[Start of Attachment]
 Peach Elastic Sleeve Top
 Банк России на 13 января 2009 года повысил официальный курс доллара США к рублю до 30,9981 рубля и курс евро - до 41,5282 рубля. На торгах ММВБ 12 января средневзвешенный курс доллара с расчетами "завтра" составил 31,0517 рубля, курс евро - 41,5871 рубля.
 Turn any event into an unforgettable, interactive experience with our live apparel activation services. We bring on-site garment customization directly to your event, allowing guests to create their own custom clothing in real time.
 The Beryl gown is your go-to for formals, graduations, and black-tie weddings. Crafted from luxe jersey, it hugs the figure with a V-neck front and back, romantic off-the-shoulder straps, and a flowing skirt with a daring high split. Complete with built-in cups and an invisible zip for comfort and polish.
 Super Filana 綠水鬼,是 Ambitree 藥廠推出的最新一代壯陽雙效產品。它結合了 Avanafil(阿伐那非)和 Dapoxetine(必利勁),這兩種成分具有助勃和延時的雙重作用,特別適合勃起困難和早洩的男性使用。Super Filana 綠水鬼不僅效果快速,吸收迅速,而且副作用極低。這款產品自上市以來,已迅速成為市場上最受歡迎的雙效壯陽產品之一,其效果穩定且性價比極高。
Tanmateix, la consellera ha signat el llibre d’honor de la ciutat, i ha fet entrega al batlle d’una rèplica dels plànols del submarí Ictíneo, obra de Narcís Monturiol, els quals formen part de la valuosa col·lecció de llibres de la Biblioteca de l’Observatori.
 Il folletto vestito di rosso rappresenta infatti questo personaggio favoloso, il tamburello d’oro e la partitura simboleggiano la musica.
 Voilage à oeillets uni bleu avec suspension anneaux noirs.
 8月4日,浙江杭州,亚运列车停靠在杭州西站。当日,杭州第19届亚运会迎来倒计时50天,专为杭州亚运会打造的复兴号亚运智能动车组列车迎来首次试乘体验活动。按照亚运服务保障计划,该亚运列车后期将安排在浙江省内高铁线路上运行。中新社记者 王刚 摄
[End of Attachment]
▶ _Work item_:
Your task is to restate, word for word, the lines from the beginning of the records to the line with "Банк России на", inclusive.

▶ _Final answer_:
 Peach Elastic Sleeve Top
 Банк России на 13 января 2009 года повысил официальный курс доллара США к рублю до 30,9981 рубля и курс евро - до 41,5282 рубля. На торгах ММВБ 12 января средневзвешенный курс доллара с расчетами "завтра" составил 31,0517 рубля, курс евро - 41,5871 рубля.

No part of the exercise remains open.